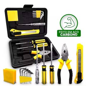 O Jogo de ferramentas com Maleta Titanium, é composto por 11 peças e acompanha uma maleta de plastico reforçado. Acompanha uma variedade de ferramentas para uso em casa como, 5 tamanhos de chave allen, uma trena, chave teste, estilete, alicate universal, chave phillips e fenda. Suas Ferramentas são fabricadas em aço carbono de alta qualidade, o alicate possui cabo emborrachado, uma trena de 1 metro com um design inovador de facil manuseio.Esse Kit de ferramentas é perfeito para se ter em casa, além de ser uma maleta de ferramentas completa, acompanha ferramentas que irão te ajudar no seu dia a dia como chave phillips, fenda e allen para apertar e soltar parafusos, um estilete que proporciona precisão no corte, uma trena de um metro e um alicate universal que pode ser utilizado de diversas formas. Esse Kit de Ferramentas Completo com Maleta é ideal para hobby.Dados técnicos:Marca: Titanium Heavy DutyCor: Preto e AmareloMaterial Ferramentas: Aço Carbono.Cabo Alicate: EmborrachadoQuantidade: 11 PeçasDimensões: A x L x C: 5 X 14,2 X 20,2 CMRef.:06816itens que compõe o Kit:- 5 Chave Allen: 2 à 6 MM- 1 Trena de 1 Metro- 1 Chave teste- 1 Estilete- 1 Alicate Universal 6- 1 Chave Phillips- 1 Chave Fenda Marca: Não Informado Ean: 7908200008488
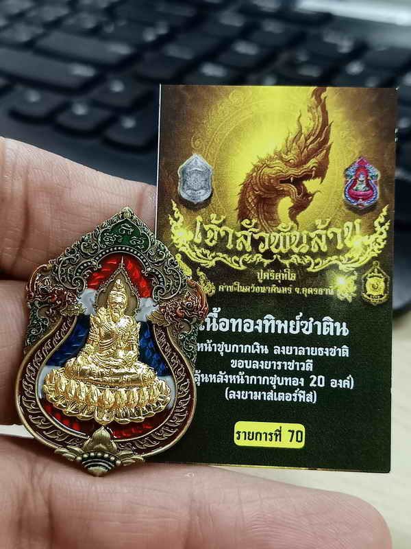 วัดใจ 100 เหรียญเจ้าสัวพันล้าน ปู่ศรีสุทโธ คำชะโนดวังนาคินทร์ อุดรธานี 2568 ทองทิพย์ซาติน ลงยาธงชาติ หน้ากากชุบทอง หมายเลข 888 สร้าง 20 กล่องเดิม |
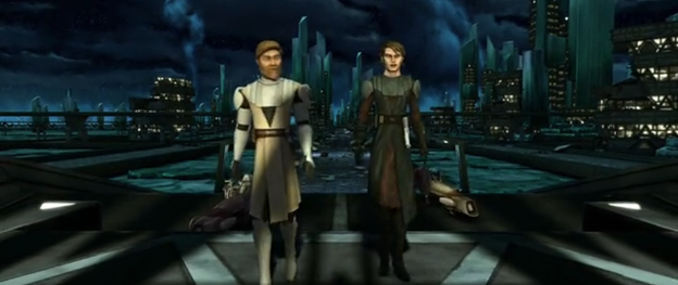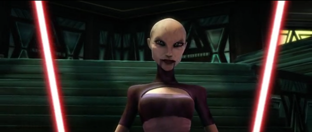 Девушка активировала оба алых клинка. Синие мечи Оби-Вана и Энакина вспыхнули в ответ.
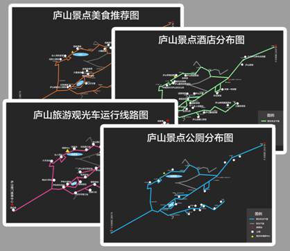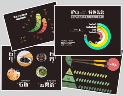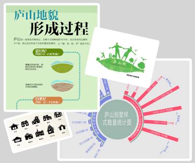 活动期间,两校学生共同组成了9个设计小组,每个小组在专业老师的指导下拟定各自设计主题与任务,如“庐山美食APP”、“庐山旅游路线设计与游客意愿对比”、“庐山旅游地图的分类设计”和“庐山的前世今生”等信息可视化设计;之后各团队通过调研、素材收集、方案讨论、草图绘制和界面设计等环节,将相应内容以视觉形式呈现出来并做最终汇报。
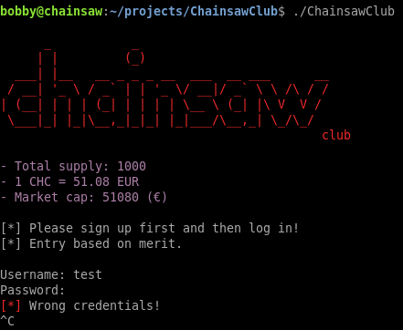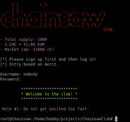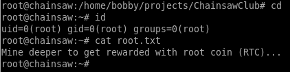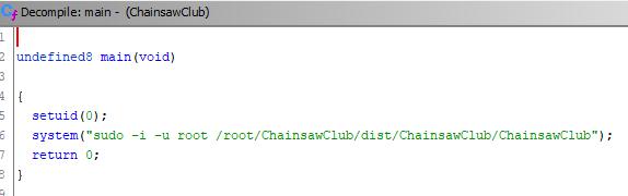 I disassembled the binary with Ghidra to see how it works and saw that it simply executes another binary from root’s home directory. I don’t have access to root yet so I can’t disassemble the /root/ChainsawClub/dist/ChainsawClub/ChainsawClub file.
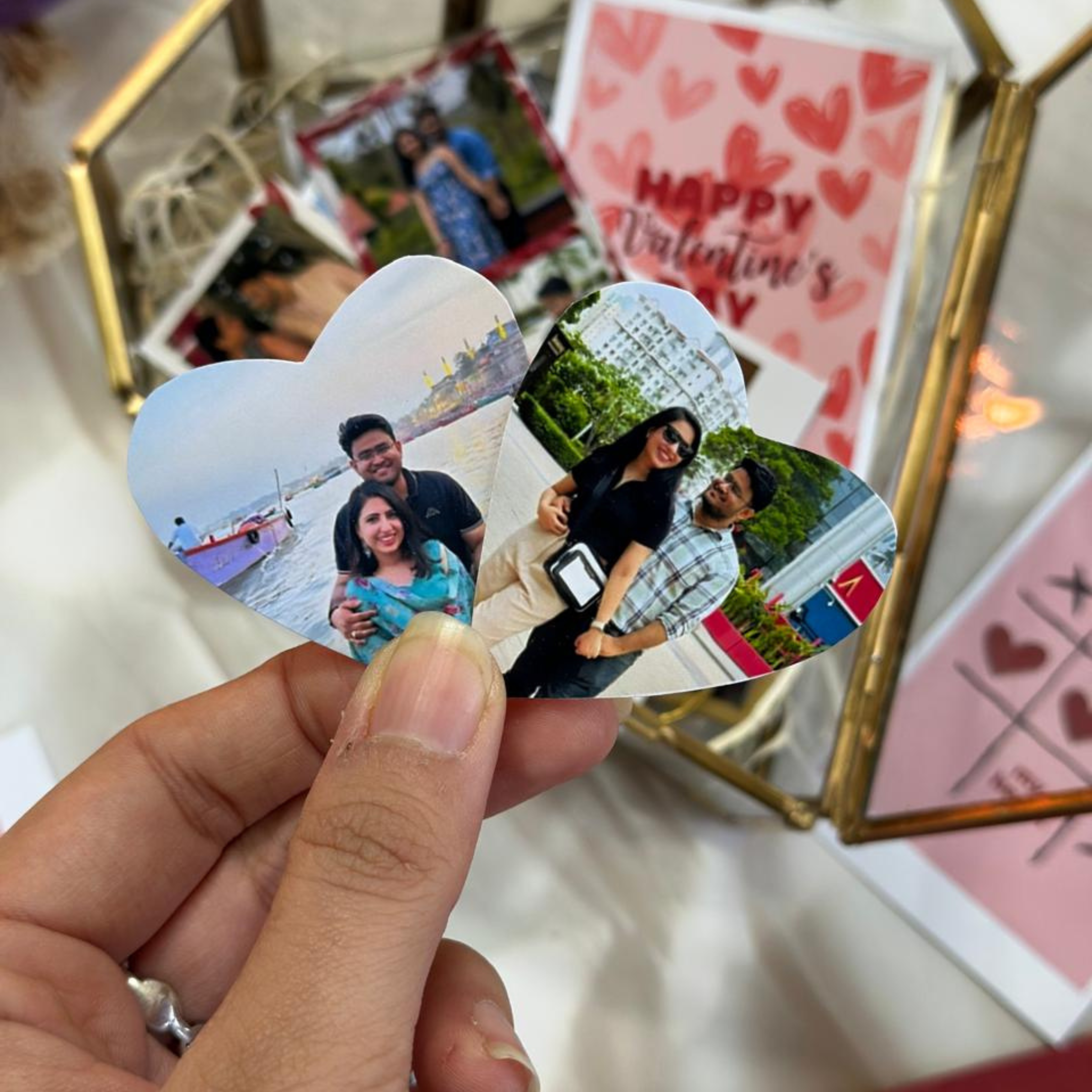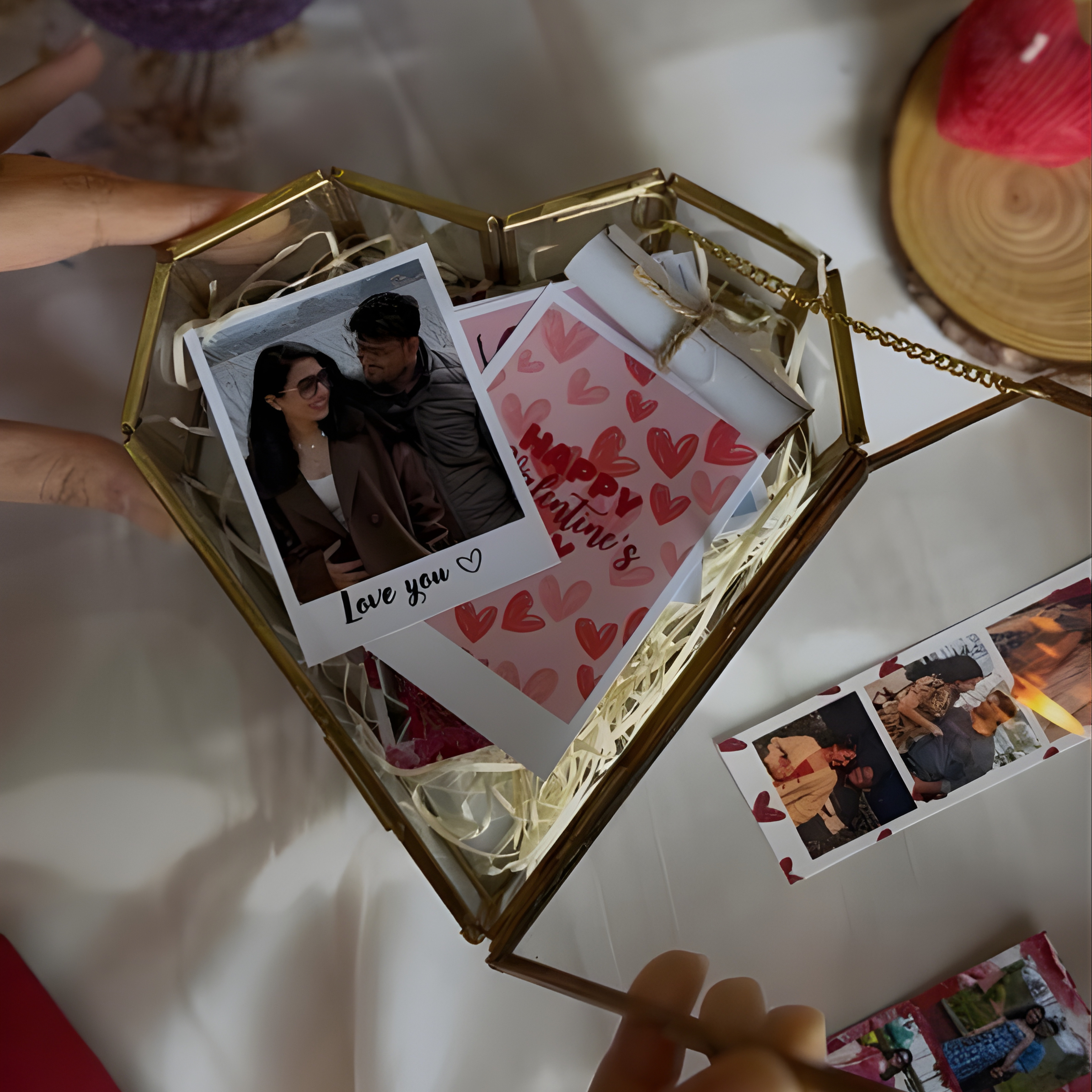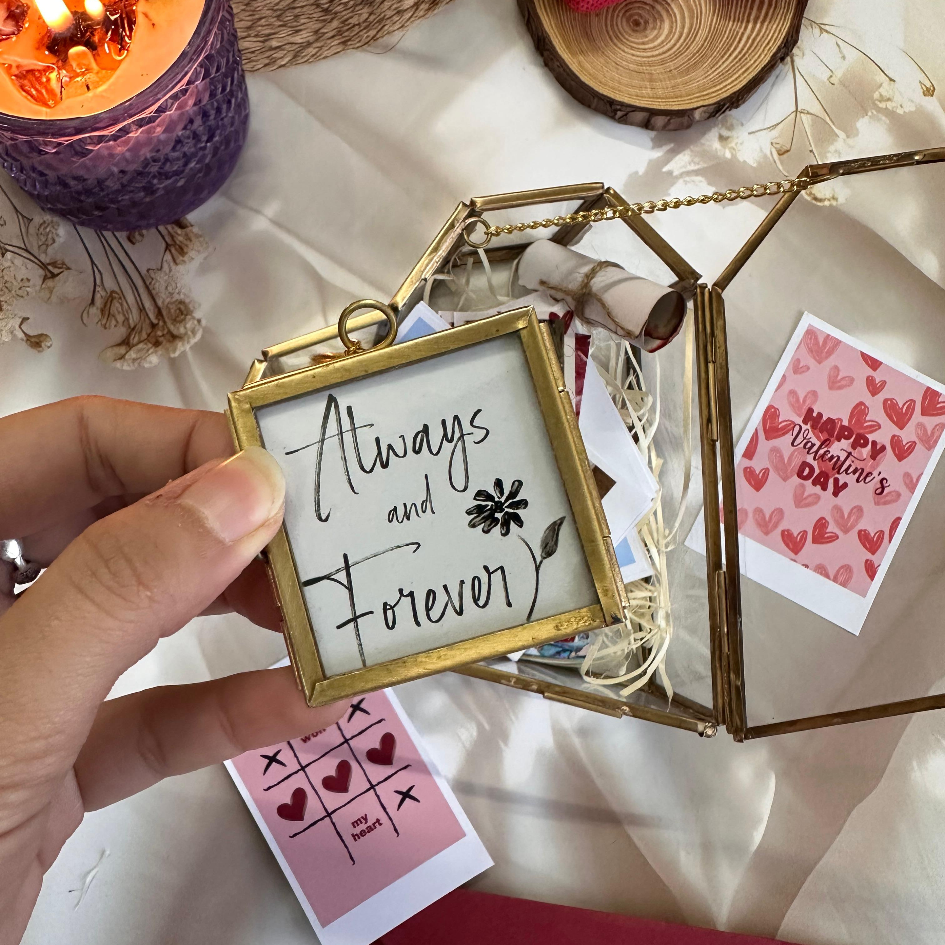 Forever in a Heart is a beautifully curated Valentine hamper designed to hold emotions, moments, and memories — all preserved inside an elegant heart-shaped glass box. From photos to love notes, every element comes together to create a keepsake they’ll open again and again.

☆ ☆ ☆

Your goal :: Locate "活动期间,两校学生共同组成了" in the listing above, then print exactly the lines from that line through the final one, omitting all pictures.

Response to the task ::
 活动期间,两校学生共同组成了9个设计小组,每个小组在专业老师的指导下拟定各自设计主题与任务,如“庐山美食APP”、“庐山旅游路线设计与游客意愿对比”、“庐山旅游地图的分类设计”和“庐山的前世今生”等信息可视化设计;之后各团队通过调研、素材收集、方案讨论、草图绘制和界面设计等环节,将相应内容以视觉形式呈现出来并做最终汇报。
 I disassembled the binary with Ghidra to see how it works and saw that it simply executes another binary from root’s home directory. I don’t have access to root yet so I can’t disassemble the /root/ChainsawClub/dist/ChainsawClub/ChainsawClub file.
 Forever in a Heart is a beautifully curated Valentine hamper designed to hold emotions, moments, and memories — all preserved inside an elegant heart-shaped glass box. From photos to love notes, every element comes together to create a keepsake they’ll open again and again.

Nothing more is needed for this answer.